**The task**. Return the following from the records below: each line, word for word, starting with the line that contains "Świetna porcelanowa mydelniczka" and going on through the line that contains "Deskin Konferenztisch DUBLIN, 73,5cm", with nothing outside that range.

**Records for processing**.
'''

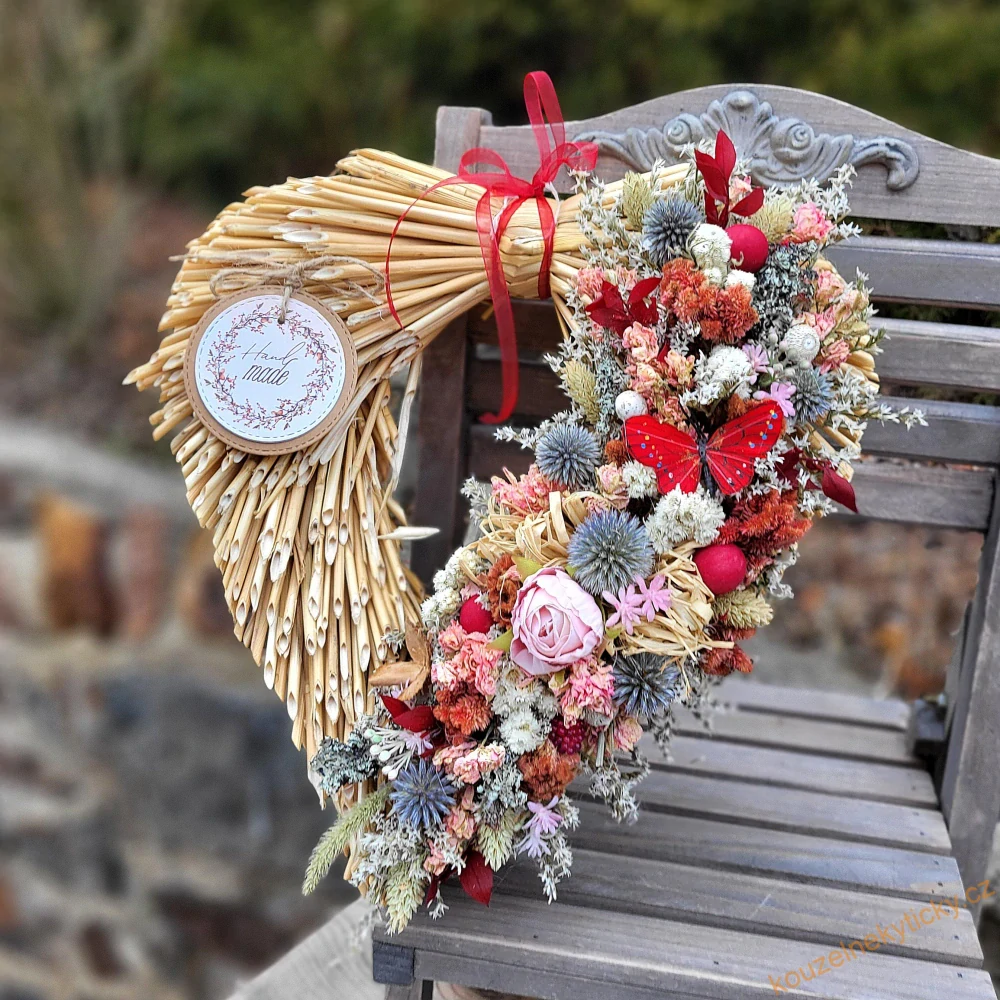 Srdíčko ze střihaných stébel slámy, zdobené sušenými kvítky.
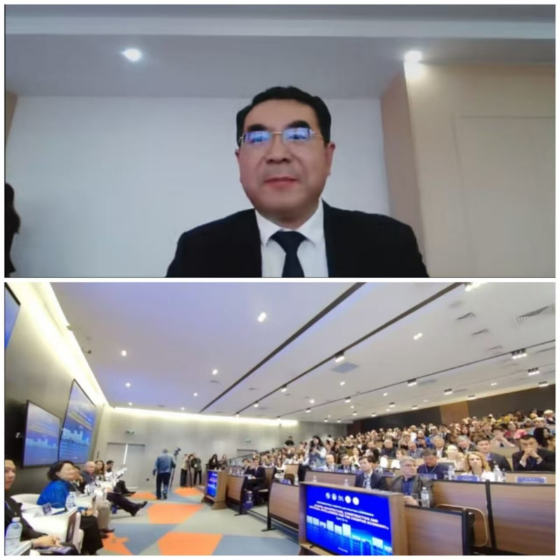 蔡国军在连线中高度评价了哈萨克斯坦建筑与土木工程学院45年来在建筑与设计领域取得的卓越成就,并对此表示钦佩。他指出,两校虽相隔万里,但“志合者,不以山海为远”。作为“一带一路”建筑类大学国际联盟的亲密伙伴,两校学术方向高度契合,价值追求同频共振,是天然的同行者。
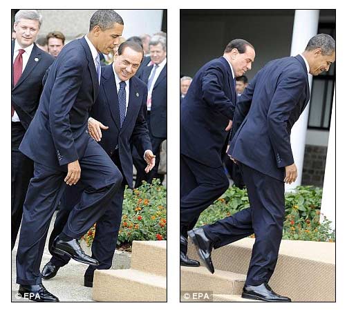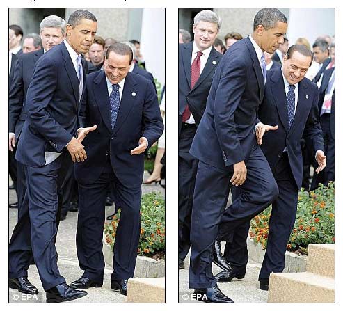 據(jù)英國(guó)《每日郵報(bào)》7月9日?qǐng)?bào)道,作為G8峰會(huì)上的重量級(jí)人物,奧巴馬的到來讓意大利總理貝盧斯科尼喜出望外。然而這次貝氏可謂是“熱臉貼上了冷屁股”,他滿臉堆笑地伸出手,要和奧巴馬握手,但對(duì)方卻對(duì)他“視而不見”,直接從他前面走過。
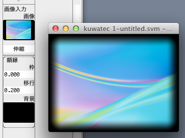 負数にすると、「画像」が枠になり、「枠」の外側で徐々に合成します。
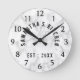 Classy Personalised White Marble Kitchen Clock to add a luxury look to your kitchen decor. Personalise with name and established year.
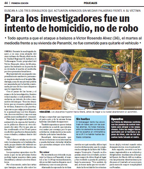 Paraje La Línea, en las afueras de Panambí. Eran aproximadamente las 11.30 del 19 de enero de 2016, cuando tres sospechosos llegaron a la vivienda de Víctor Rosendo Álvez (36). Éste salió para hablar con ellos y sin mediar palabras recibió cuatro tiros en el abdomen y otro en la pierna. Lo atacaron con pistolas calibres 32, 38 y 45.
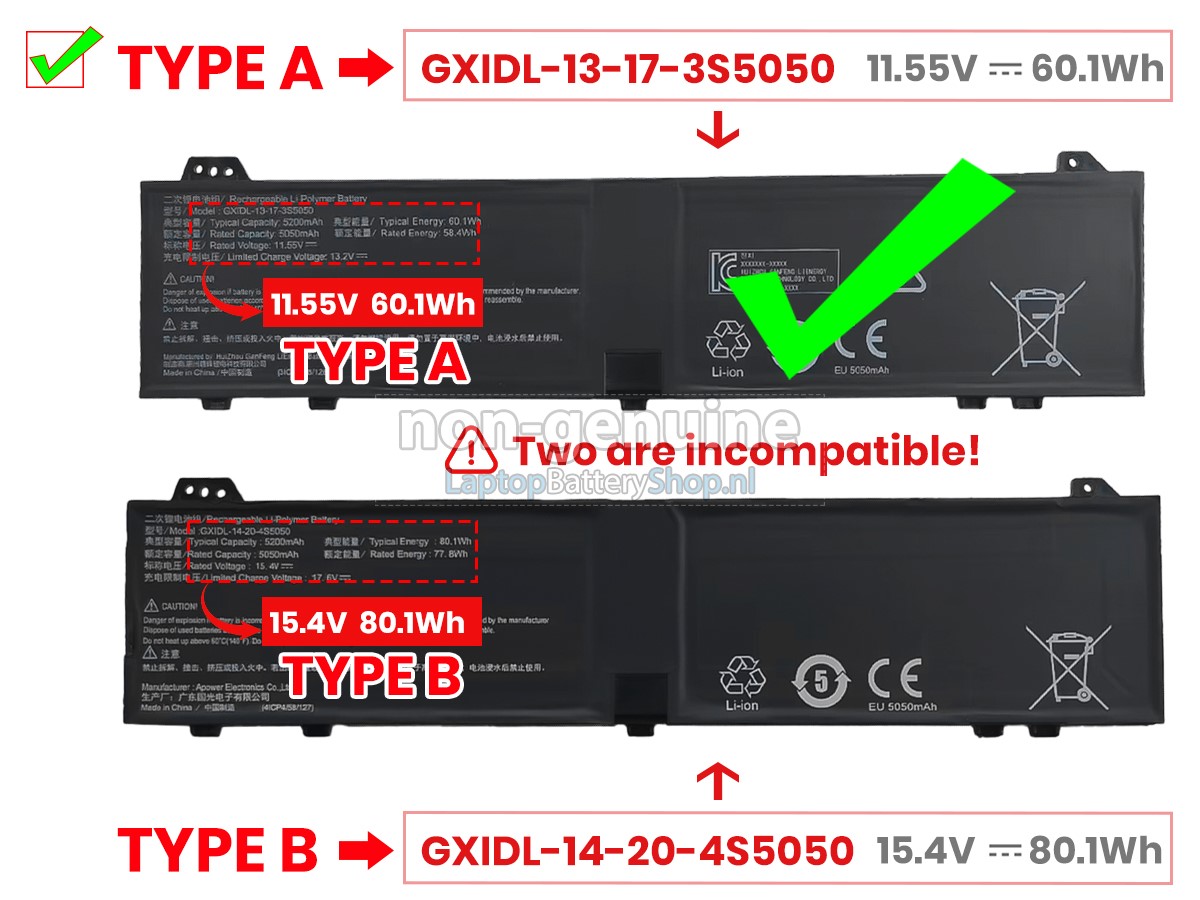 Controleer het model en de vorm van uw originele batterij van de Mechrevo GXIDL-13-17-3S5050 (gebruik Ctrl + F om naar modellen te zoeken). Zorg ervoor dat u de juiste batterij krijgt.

'''
'''

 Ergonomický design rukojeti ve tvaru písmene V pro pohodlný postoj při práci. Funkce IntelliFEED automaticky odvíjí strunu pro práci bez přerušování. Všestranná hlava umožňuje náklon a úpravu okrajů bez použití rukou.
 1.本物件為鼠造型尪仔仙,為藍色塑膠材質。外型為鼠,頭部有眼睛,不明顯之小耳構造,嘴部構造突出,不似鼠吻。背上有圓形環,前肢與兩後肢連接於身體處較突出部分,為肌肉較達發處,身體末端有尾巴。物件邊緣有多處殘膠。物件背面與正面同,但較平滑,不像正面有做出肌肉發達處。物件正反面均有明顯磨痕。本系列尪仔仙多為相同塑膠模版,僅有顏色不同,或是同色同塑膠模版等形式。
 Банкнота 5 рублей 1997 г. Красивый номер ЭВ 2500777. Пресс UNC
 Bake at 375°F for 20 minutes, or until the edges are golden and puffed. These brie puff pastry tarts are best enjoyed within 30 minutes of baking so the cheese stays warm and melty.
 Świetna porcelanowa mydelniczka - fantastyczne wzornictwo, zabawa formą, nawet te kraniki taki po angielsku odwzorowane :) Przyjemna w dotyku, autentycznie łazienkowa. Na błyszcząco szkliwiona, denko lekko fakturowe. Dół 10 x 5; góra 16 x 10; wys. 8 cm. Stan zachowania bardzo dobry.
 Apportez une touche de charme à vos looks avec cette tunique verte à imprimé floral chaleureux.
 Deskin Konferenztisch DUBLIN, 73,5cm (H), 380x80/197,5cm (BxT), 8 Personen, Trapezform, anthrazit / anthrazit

'''

**Task result**.
 Świetna porcelanowa mydelniczka - fantastyczne wzornictwo, zabawa formą, nawet te kraniki taki po angielsku odwzorowane :) Przyjemna w dotyku, autentycznie łazienkowa. Na błyszcząco szkliwiona, denko lekko fakturowe. Dół 10 x 5; góra 16 x 10; wys. 8 cm. Stan zachowania bardzo dobry.
 Apportez une touche de charme à vos looks avec cette tunique verte à imprimé floral chaleureux.
 Deskin Konferenztisch DUBLIN, 73,5cm (H), 380x80/197,5cm (BxT), 8 Personen, Trapezform, anthrazit / anthrazit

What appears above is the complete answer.